Chopped Italian Pasta Salad
Serving Size - 8
Prepared By - DnD
Recipe Rating
* * * * *
 

RED WINE VINAIGRETTE:
1/3 cup red wine vinegar
2 teaspoons Dijon mustard
2 teaspoons honey
1 1/2 teaspoons dried oregano
1 teaspoon salt
1/4 teaspoon red pepper flakes
2/3 cup extra-virgin olive oil
PASTA SALAD:
1 pound Fusilli, cooked, drained and cooled to room temperature
1 pint (2 cups) cherry tomatoes, halved
1 pound salami cut into 1/2" cubes
8 ounces mozzarella pearls, drained
1 cup green olives, such as Cerignola, halved and pitted
1 cup artichoke hearts in oil, drained and chopped into bite-sized pieces
1/2 cup fresh basil diced

To a large bowl, add the red wine vinegar, Dijon mustard, honey, oregano, pepper flakes if using, and salt.
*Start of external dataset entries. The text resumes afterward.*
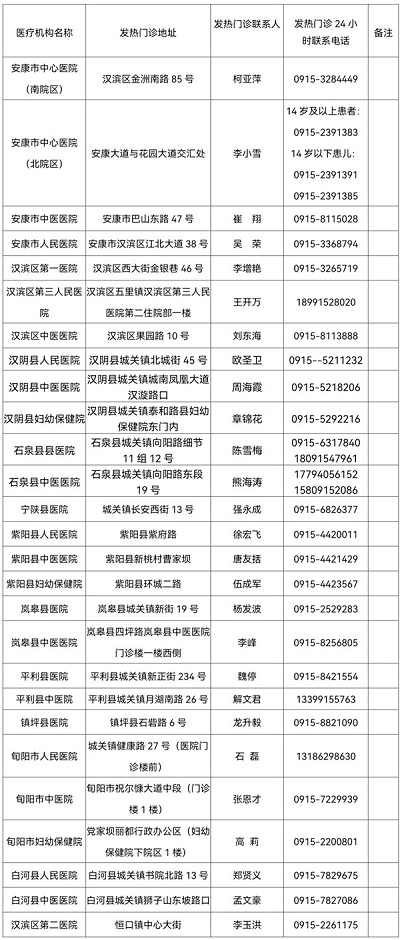我市二級以上醫療機構發熱門診公開信息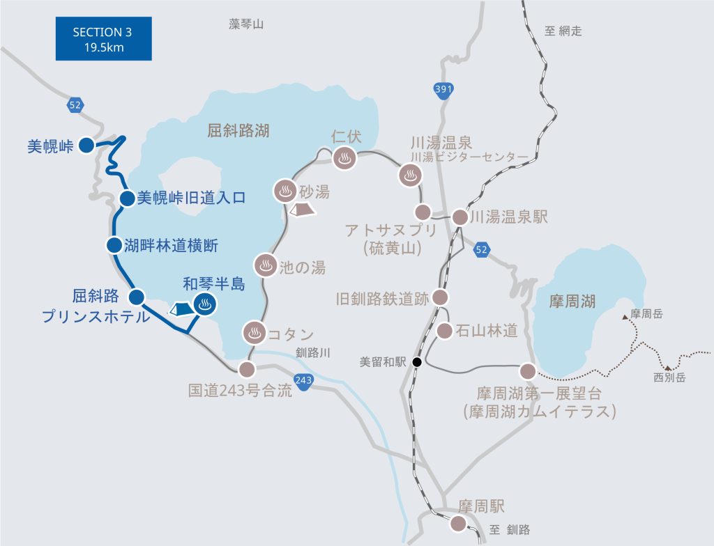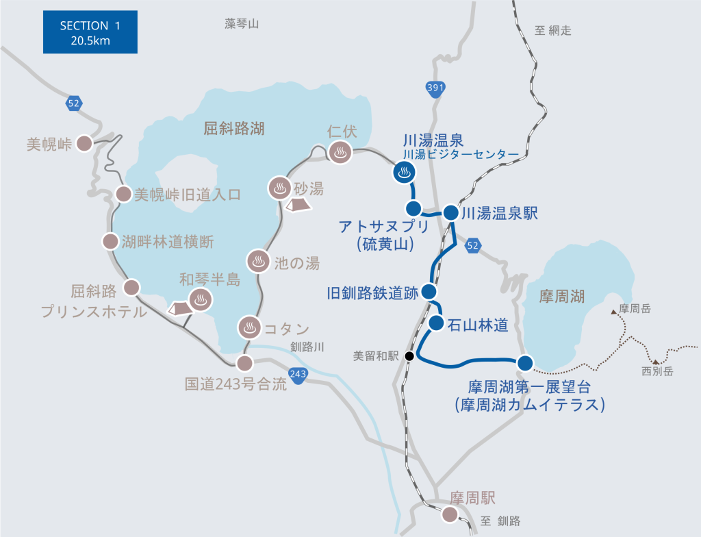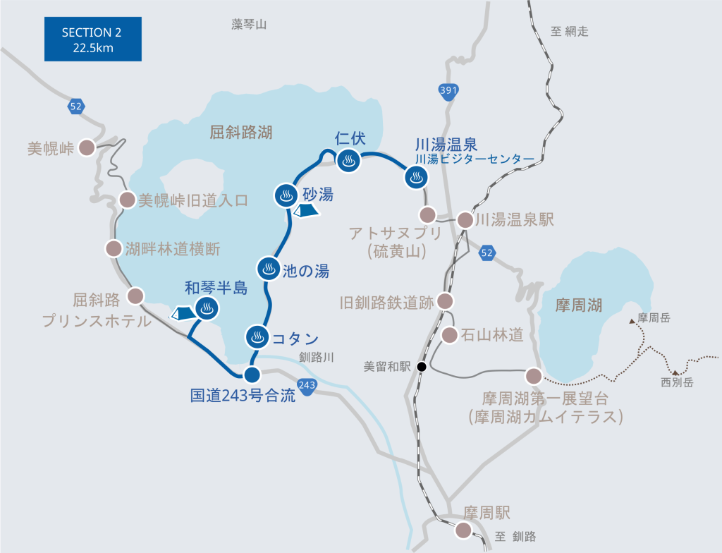 セクション2(湖の道)は、日本最大のカルデラ湖である屈斜路湖の湖畔を歩く道です。川湯温泉街から屈斜路湖へ。このセクションには数多くの温泉が湧出しています。また、湖畔の豊かな森の中を歩く散策路も魅力です。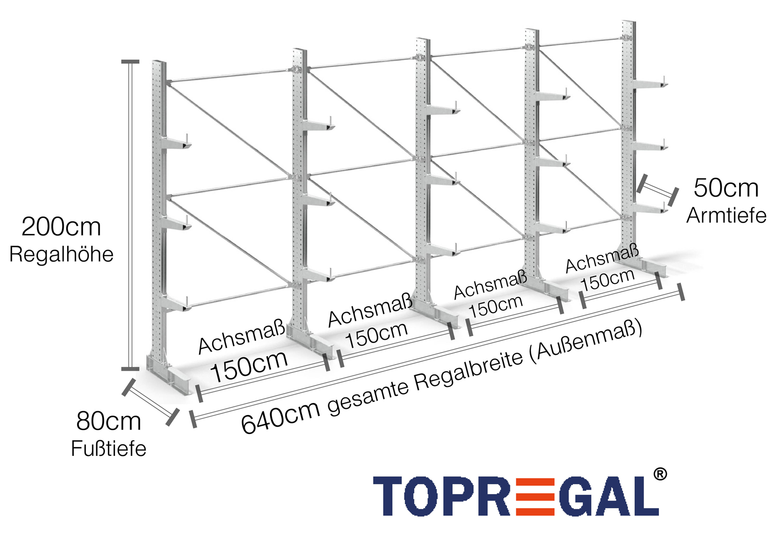 Denna grenställhylla i ensidigt utförande med en bredd på 6,4 m är 2 m hög, har ett totalt djup på 80 cm och har 3 grenställnivåer med ett armdjup på 50 cm. Den maximala belastningen per arm är högst 500 kg. Grenställen kan hakas fast individuellt i rutnätsmåttet 50 mm och säkras med låsbultar och -sprintar. Även fotdelarna kan användas (beroende på gods) som lagernivå. För att skydda lasten mot att glida iväg kan ett avrullningsskydd sättas in i änden av varje grenställ. Denna ingår som standard i leveransen.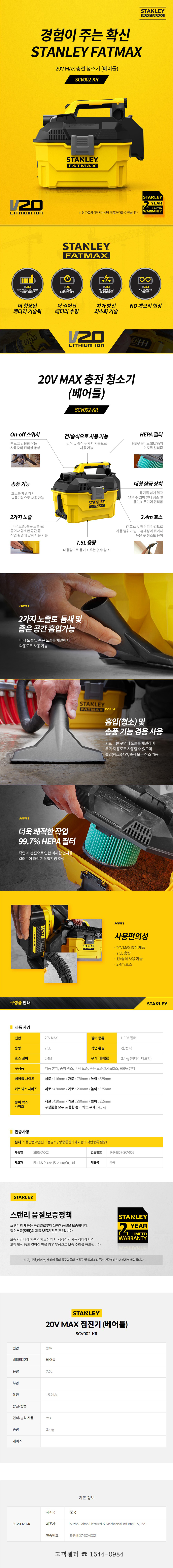 스탠리 20V MAX 집진기(배어툴) SCV002-KR STANLEY, 진공청소기, 충전집진기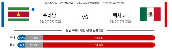 네이션스리그 예선 3월 24일 09:00 수리남 : 멕시코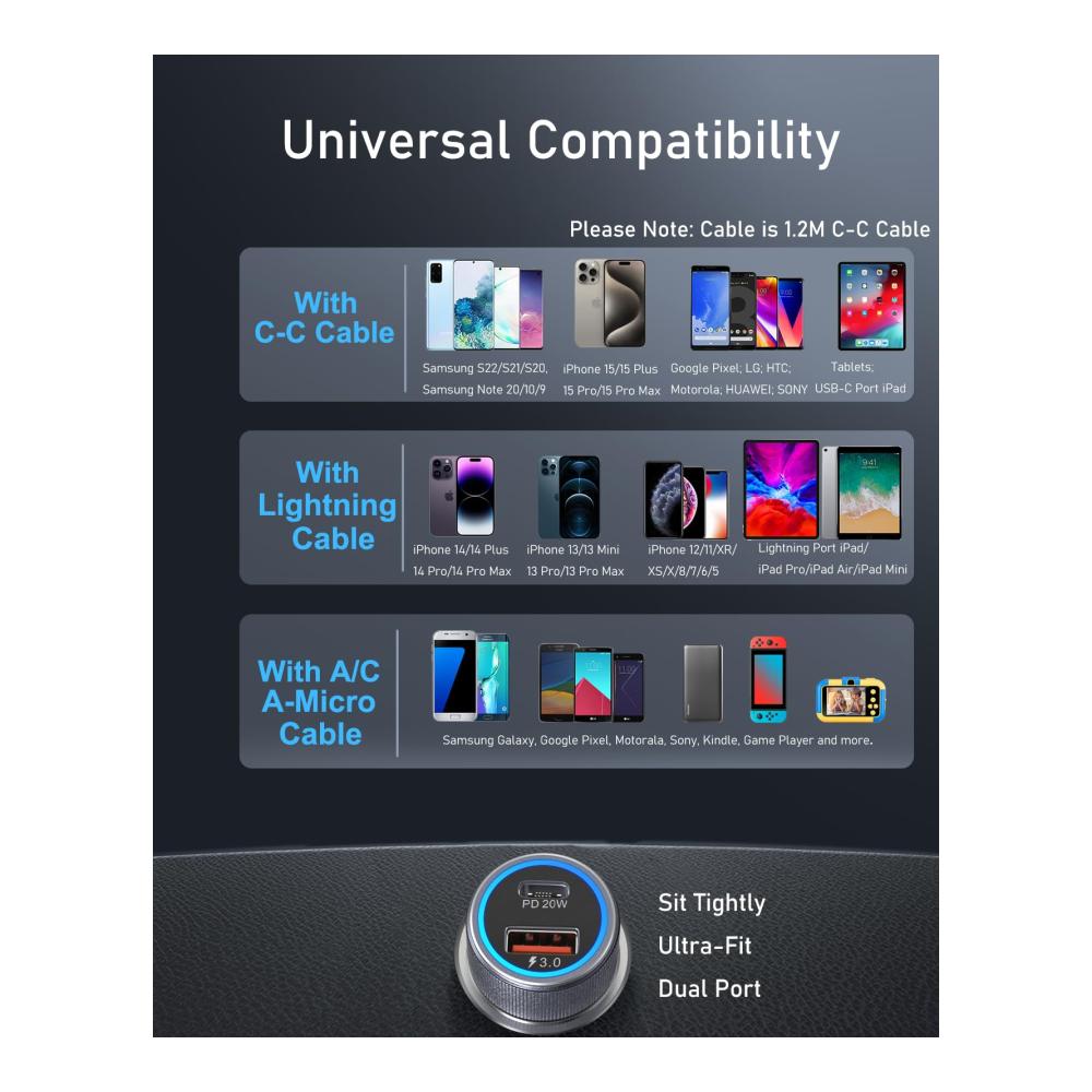 ▶【Widely Compatible】 USB C & A Autoladegerät, schnelles Aufladen Kompatibel mit Samsung Galaxy S23/S22/S21/S20/S10/S9/S8 , Note 20/10/9/8, A50/A51; LG G8/g7/G6/G5/G4/G3, LG V60/V50/V40/V30/V20; Motorola und weiteren QC-fähigen Geräten.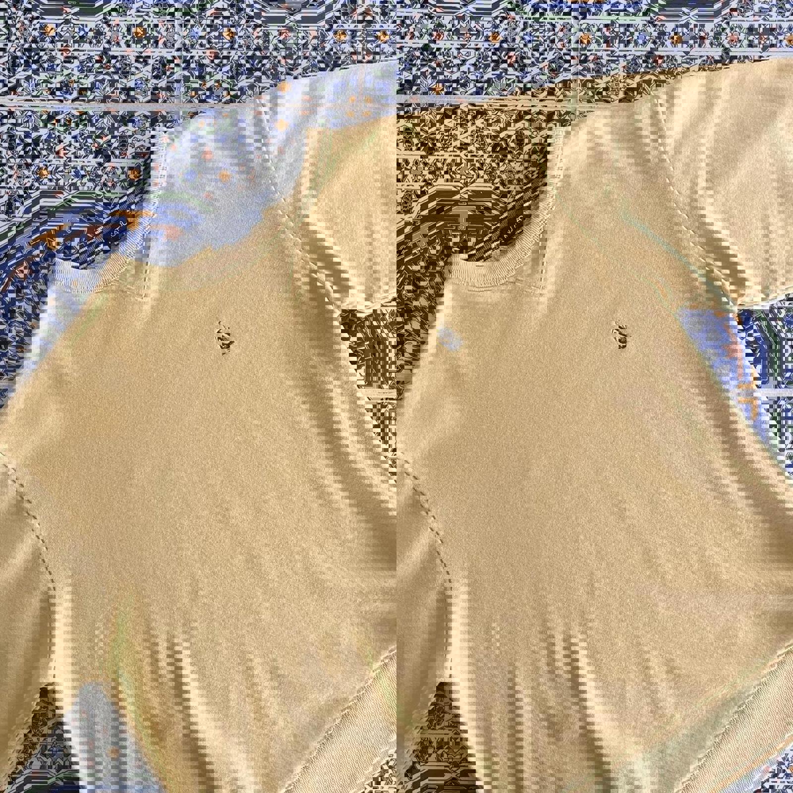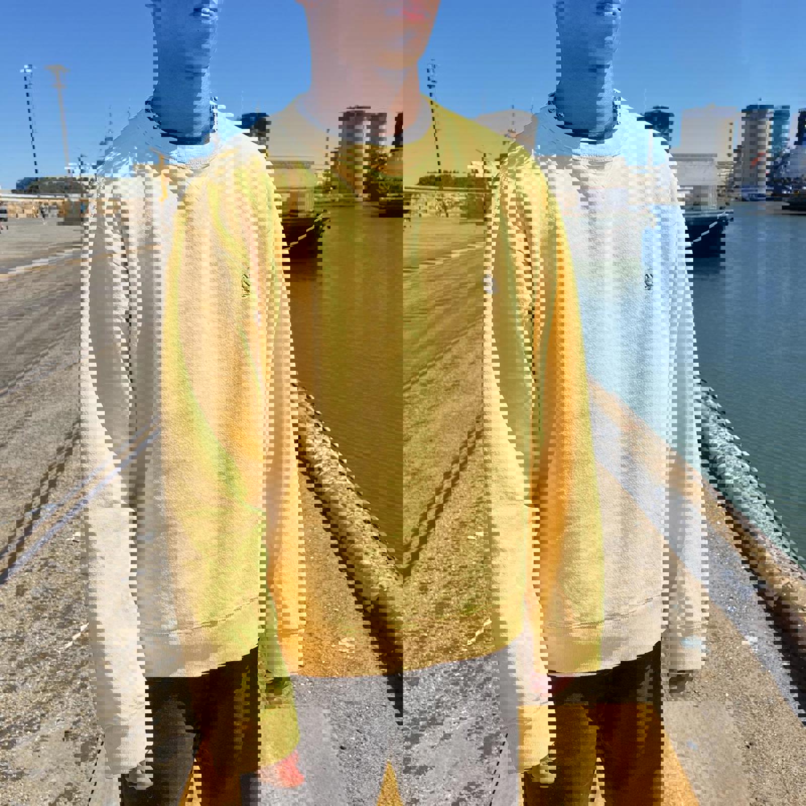 yellow nautica crewneck sweater with a navy embroidered sail boat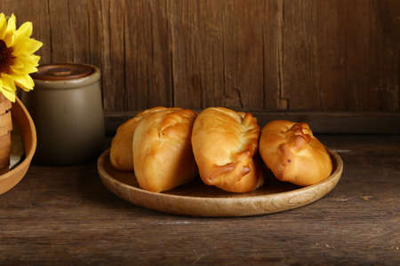 pierogi .Home cake with jam against the wooden table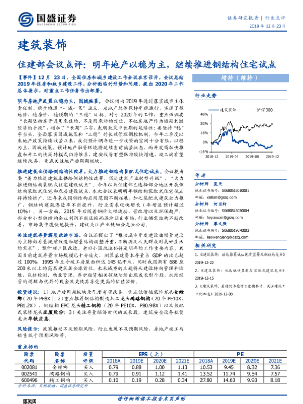 【国盛证券】【20191223】住建部会议点评:明年地产以稳为主,继续推进钢结构住宅试点-2页 行业研究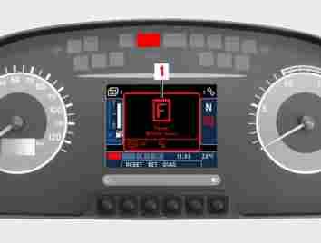 M54.00-1818-71 The triggering of the fire extinguishing system (e.g. due to a fire in the engine compartment) is indicated by a symbol (1) in conjunction with the malfunction text “Feuer Motorraum” (Engine compartment fire) on the display screen. Operation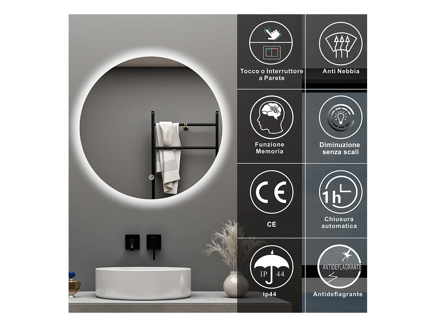 AICA Specchio da bagno rotondo con LED,Diametro 60cm,Disappannamento,Touch control,Retroilluminato,Funzione Memoria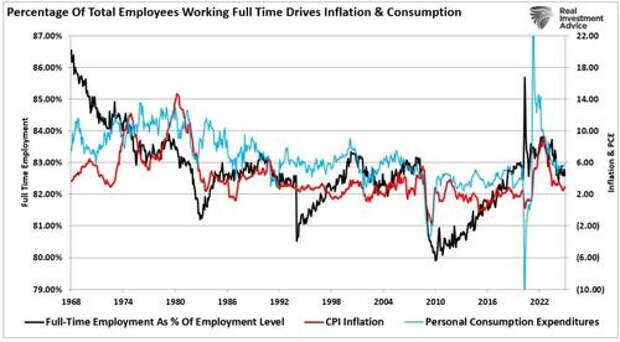 The data supports that last statement. Weaker full-time employment as a percentage of the current employment level correlates to weaker personal consumption expenditures. If the “demand” for goods and services declines, so does inflation.

Whisk together until smooth and combined. Drizzle in the olive oil while whisking to create a creamy vinaigrette. In the large bowl, toss together the cooked pasta with the cherry tomatoes, salami, mozzarella, green olives, artichokes and fresh basil. Refrigerate covered for at least an hour for ingredients to marinate. Serve cold or room temperature.